Brief
Leave out any picture and return the remaining listing below exactly as given.

Information provided

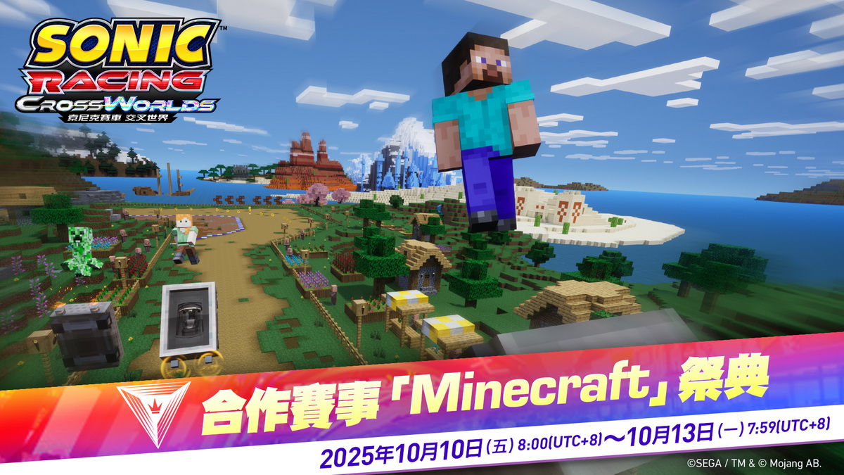 世雅股份有限公司宣布,有關發售中的《索尼克賽車 交叉世界》,已於2025年10月9日(四)起開始發布付費DLC第1彈「Minecraft」。在這個DLC中,不僅可用「史提夫」、「愛莉克斯」及「苦力怕」作為賽車手參戰,還有以「Minecraft」為原型的賽道、賽車以及歌曲。此外,為紀念「Minecraft」DLC發售,10月10日(五)起將於遊戲內舉辦賽事「Minecraft祭典」。盡情享受「Minecraft」的世界吧。
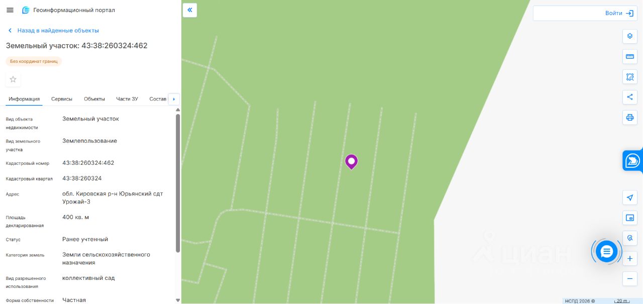 Земельный участок площадью 400 кв. м, кадастровый номер 43:38:260324:462, категория земель: земли сельскохозяйственного назначения, виды разрешенного использования: коллективный сад. Местонахождение: Кировская обл., Юрьянский район, сдт Урожай-3. На земельном участке постройка в виде садового домика, примерной площадью 12 кв. м., стены деревянные, крыша покрыта резиновым шифером, фундамент; ленточный. Вид права собственность. Обременение аресты, граница земельного участка не установлена в соответствии с требованиями земельного законодательства (требуется уточнение). Собственник Пестов И.В. (уведомление 622 от 04.03.2026).
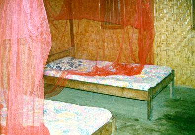 Our hosts gave us a hurricane lamp, and we went to our bungalow and hit the sack. There was nothing else to do. We were the only guests, apart from an Indonesian chap who claimed to be from the town, and wasn't about much at all.
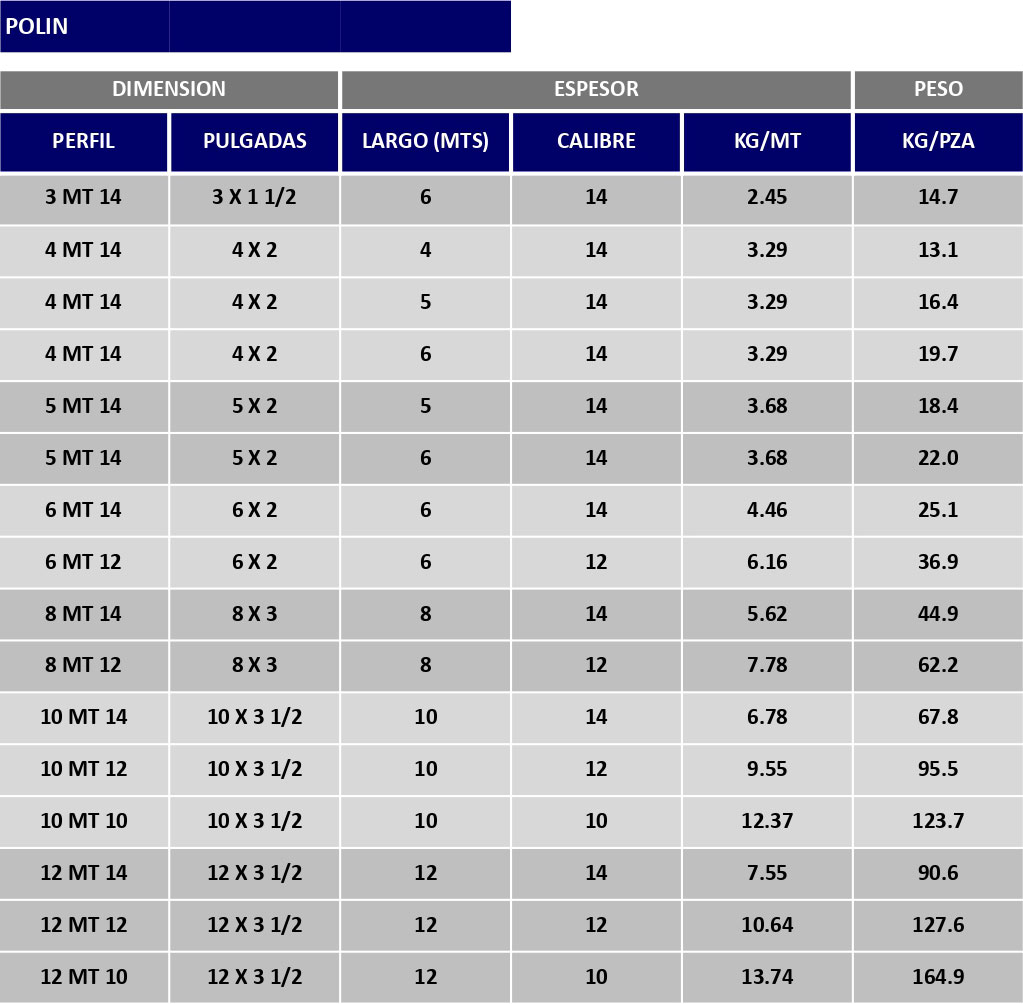 Los polines «C» al ser ligeros y resistentes son un excelente elemento estructural, utilizado comunmente en la construccion de estructuras para bodegas y naves industriales.

Solution to this exercise
 世雅股份有限公司宣布,有關發售中的《索尼克賽車 交叉世界》,已於2025年10月9日(四)起開始發布付費DLC第1彈「Minecraft」。在這個DLC中,不僅可用「史提夫」、「愛莉克斯」及「苦力怕」作為賽車手參戰,還有以「Minecraft」為原型的賽道、賽車以及歌曲。此外,為紀念「Minecraft」DLC發售,10月10日(五)起將於遊戲內舉辦賽事「Minecraft祭典」。盡情享受「Minecraft」的世界吧。
 Земельный участок площадью 400 кв. м, кадастровый номер 43:38:260324:462, категория земель: земли сельскохозяйственного назначения, виды разрешенного использования: коллективный сад. Местонахождение: Кировская обл., Юрьянский район, сдт Урожай-3. На земельном участке постройка в виде садового домика, примерной площадью 12 кв. м., стены деревянные, крыша покрыта резиновым шифером, фундамент; ленточный. Вид права собственность. Обременение аресты, граница земельного участка не установлена в соответствии с требованиями земельного законодательства (требуется уточнение). Собственник Пестов И.В. (уведомление 622 от 04.03.2026).
 Our hosts gave us a hurricane lamp, and we went to our bungalow and hit the sack. There was nothing else to do. We were the only guests, apart from an Indonesian chap who claimed to be from the town, and wasn't about much at all.
 Los polines «C» al ser ligeros y resistentes son un excelente elemento estructural, utilizado comunmente en la construccion de estructuras para bodegas y naves industriales.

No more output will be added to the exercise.